I don't know

Jun 20, 2005 08:39


It's 8:40 in the morning. I have to be to work by 10. I hope Jared gets on. I promised him I'd try not to cry last night, but I did.

You, see, what happened was, my parents went away for the weekend with my little sister, and my brother and I stayed home alone. I was outside when they got home yesterday afternoon, so I ran up to my mom and I was like "Mom! I missed you!!" and I gave her a hug and she goes "Get off me." and pushed me away. I was so hurt. I honestly thought that things with my mom and I were getting better. We were fighting much at all, and we were actually doing stuff together some, and talking more. And then she did that. I almost cried right then and there, but I've trying to be stronger (emotionally) and not just cry everytime something bothers me.

Right before I went to bed last night though, I started thinking about how much I miss Dezy already, and how much I miss her hugs, and I got thinking about Mom, and I could barely keep myself from crying. I told Jared and he gave me a hug (the best he could over the computer. :-P) and I guess it made me feel better.

I know this might sound really clingy and overly emotional, but I thrive on affection. Sometimes I have to hear that I'm loved and appreciated a lot, or I start to think that I'm not. When Dezy's around, she tells me. And even though it's just a best friend/sisterly affection, it still makes me feel special. At home, I never get that. Ever. They hardly even ever say good night anymore.
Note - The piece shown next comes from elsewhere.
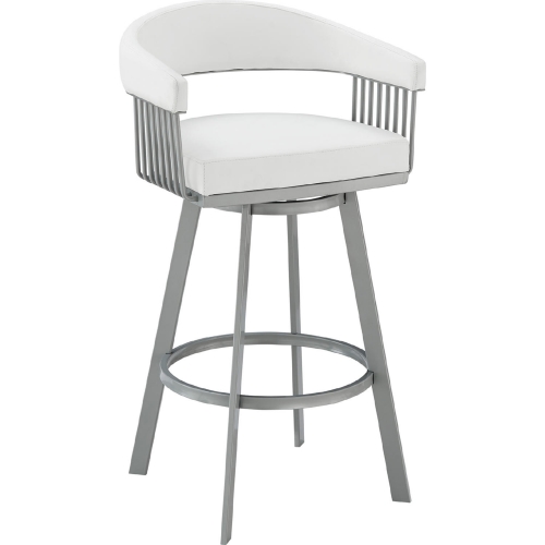 Armen Living LCCSBASLWH26 Chelsea 26" Swivel Counter Stool White Leatherette & Silver Metal

Occasionally I'll throw an "I love you" in at the end of a phone conversation, but I can not remember the last time they actually said it back. ...And now I'm crying again...

It's gonna be a long summer.

I hate all this damn drama. Why can't I just not let things bother me at all? And just be like, completely emotionless? Things would be so much easier that way...

Though I supposed there are some emotions worth having.

Love is evil.

Funny how it can make you feel so good, and at the very same time (in a different situation) make you feel SO BAD.